◆ Description of the task
Line by line, the data below should be set down unchanged, with images excluded.

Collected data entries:
____________
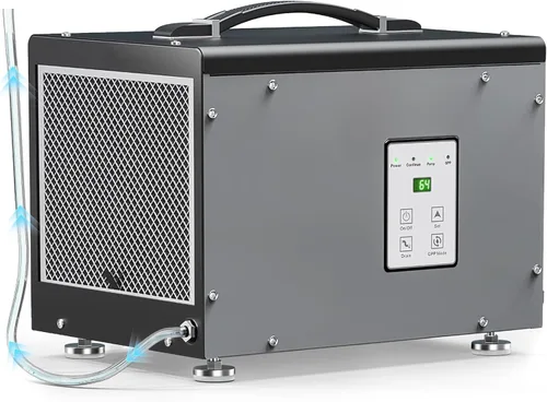 Sistema inteligente de control de humedad: Este deshumidificador para sótanos residenciales está equipado con un sensor de humedad incorporado y un panel de control digital, que mantiene con precisión el rango de humedad preestablecido a través de la tecnología inteligente de arranque/parada del sensor para el control de humedad más sencillo que jamás haya existido. Deshumidificadores de diseño de tamaño compacto: nuestros deshumidificadores comerciales son la solución perfecta para el hogar, espacios de acceso restringido y sótanos. Mide solo 15.35 x 11.2 x 11.4 pulgadas (largo x ancho x alto), este deshumidificador para el hogar es perfecto para caber en espacios de rastreo de poca distancia y sótanos estrechos. Opciones de instalación flexibles: Este deshumidificador ha sido diseñado cuidadosamente para colocarse sobre una superficie plana o puede adquirirse con un colgador adicional para suspenderlo en un poste del espacio de arrastre o en un ático, y viene con pies ajustables y asas resistentes para facilitar su transporte. Estas características garantizan una fácil instalación y operación, por lo que es ideal para una variedad de escenarios y entornos de instalación. Descongelación automática: Nuestro avanzado sistema de descongelación automática monitorea continuamente la temperatura ambiente utilizando sensores incorporados. Cuando se detecta que la temperatura es baja, la unidad inicia un ciclo de descongelación automático para evitar la acumulación de heladas y problemas relacionados. Durante este proceso, el compresor se detiene temporalmente mientras el ventilador continúa funcionando, permitiendo que la escarcha se descongele. Una vez que se completa el ciclo de descongelación, el deshumidificador reanuda el funcionamiento normal. Esta característica conserva la energía y ayuda a prolongar la vida útil de la unidad. Soporte de calidad: Los deshumidificadores de espacios angostos BaseAire vienen con una garantía limitada de 5 años y acceso de por vida al soporte técnico experto. Nuestro equipo de profesionales abordará rápidamente cualquier pregunta que pueda tener, garantizará su completa satisfacción y brindará una solución oportuna para satisfacer todas sus necesidades.
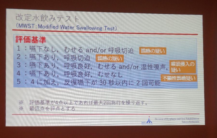 ![]() 誤嚥性肺炎防止のため 誤嚥しているか判断するための簡便チェック方法を紹介 |
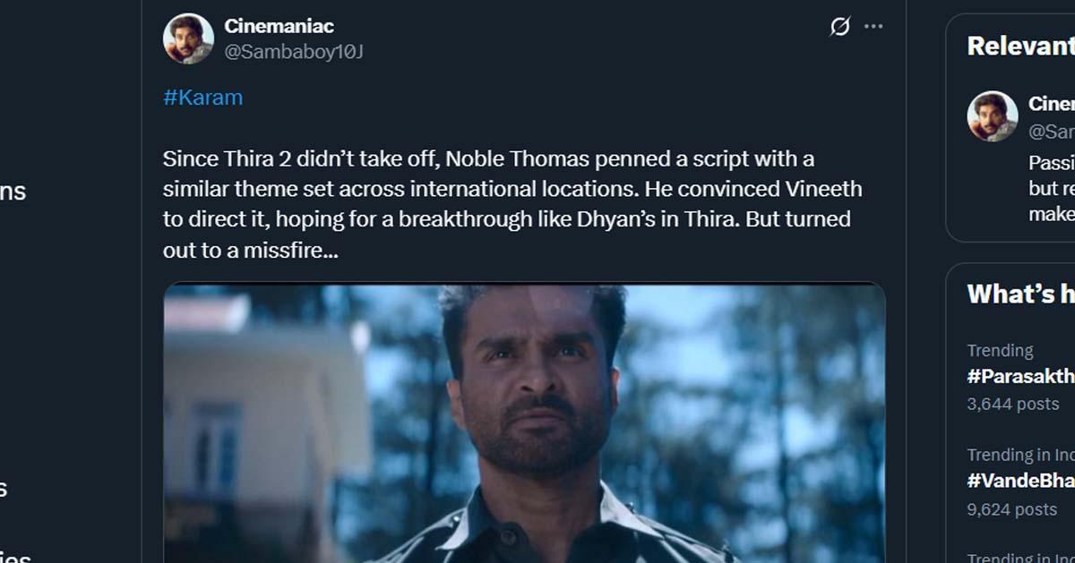 വിനീത് ശ്രീനിവാസന്‍ സംവിധാനം ചെയ്ത ഏറ്റവും പുതിയ ചിത്രം കരം കഴിഞ്ഞദിവസമാണ് ഒ.ടി.ടി സ്ട്രീമിങ് ആരംഭിച്ചത്. മനോരമ മാക്‌സിലൂടെയാണ് ചിത്രം പ്രേക്ഷകരിലേക്കെത്തിയത്. ഈ വര്‍ഷം മലയാളത്തിലെ ഏറ്റവും വലിയ ബോക്‌സ് ഓഫീസ് ദുരന്തങ്ങളുടെ പട്ടികയില്‍ ഇടംനേടിയ കരത്തിന് ഒ.ടി.ടിയിലും ട്രോളുകള്‍ ലഭിക്കുന്നുണ്ട്.
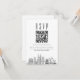 Um cartão de código de QR rsvp de casamento com uma bela linha estilizada representando a cidade de Nashville. Substitua o código QR por um que apresente um link para o seu site para ajudar a facilitar a resposta ao evento de seu casamento para seus futuros convidados.
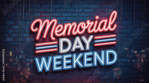 Obraz premium Neon Memorial Day Weekend Typography for Social Media
____________
◆ Answer to this problem
 Sistema inteligente de control de humedad: Este deshumidificador para sótanos residenciales está equipado con un sensor de humedad incorporado y un panel de control digital, que mantiene con precisión el rango de humedad preestablecido a través de la tecnología inteligente de arranque/parada del sensor para el control de humedad más sencillo que jamás haya existido. Deshumidificadores de diseño de tamaño compacto: nuestros deshumidificadores comerciales son la solución perfecta para el hogar, espacios de acceso restringido y sótanos. Mide solo 15.35 x 11.2 x 11.4 pulgadas (largo x ancho x alto), este deshumidificador para el hogar es perfecto para caber en espacios de rastreo de poca distancia y sótanos estrechos. Opciones de instalación flexibles: Este deshumidificador ha sido diseñado cuidadosamente para colocarse sobre una superficie plana o puede adquirirse con un colgador adicional para suspenderlo en un poste del espacio de arrastre o en un ático, y viene con pies ajustables y asas resistentes para facilitar su transporte. Estas características garantizan una fácil instalación y operación, por lo que es ideal para una variedad de escenarios y entornos de instalación. Descongelación automática: Nuestro avanzado sistema de descongelación automática monitorea continuamente la temperatura ambiente utilizando sensores incorporados. Cuando se detecta que la temperatura es baja, la unidad inicia un ciclo de descongelación automático para evitar la acumulación de heladas y problemas relacionados. Durante este proceso, el compresor se detiene temporalmente mientras el ventilador continúa funcionando, permitiendo que la escarcha se descongele. Una vez que se completa el ciclo de descongelación, el deshumidificador reanuda el funcionamiento normal. Esta característica conserva la energía y ayuda a prolongar la vida útil de la unidad. Soporte de calidad: Los deshumidificadores de espacios angostos BaseAire vienen con una garantía limitada de 5 años y acceso de por vida al soporte técnico experto. Nuestro equipo de profesionales abordará rápidamente cualquier pregunta que pueda tener, garantizará su completa satisfacción y brindará una solución oportuna para satisfacer todas sus necesidades.
 ![]() 誤嚥性肺炎防止のため 誤嚥しているか判断するための簡便チェック方法を紹介 |
 വിനീത് ശ്രീനിവാസന്‍ സംവിധാനം ചെയ്ത ഏറ്റവും പുതിയ ചിത്രം കരം കഴിഞ്ഞദിവസമാണ് ഒ.ടി.ടി സ്ട്രീമിങ് ആരംഭിച്ചത്. മനോരമ മാക്‌സിലൂടെയാണ് ചിത്രം പ്രേക്ഷകരിലേക്കെത്തിയത്. ഈ വര്‍ഷം മലയാളത്തിലെ ഏറ്റവും വലിയ ബോക്‌സ് ഓഫീസ് ദുരന്തങ്ങളുടെ പട്ടികയില്‍ ഇടംനേടിയ കരത്തിന് ഒ.ടി.ടിയിലും ട്രോളുകള്‍ ലഭിക്കുന്നുണ്ട്.
 Um cartão de código de QR rsvp de casamento com uma bela linha estilizada representando a cidade de Nashville. Substitua o código QR por um que apresente um link para o seu site para ajudar a facilitar a resposta ao evento de seu casamento para seus futuros convidados.
 Obraz premium Neon Memorial Day Weekend Typography for Social Media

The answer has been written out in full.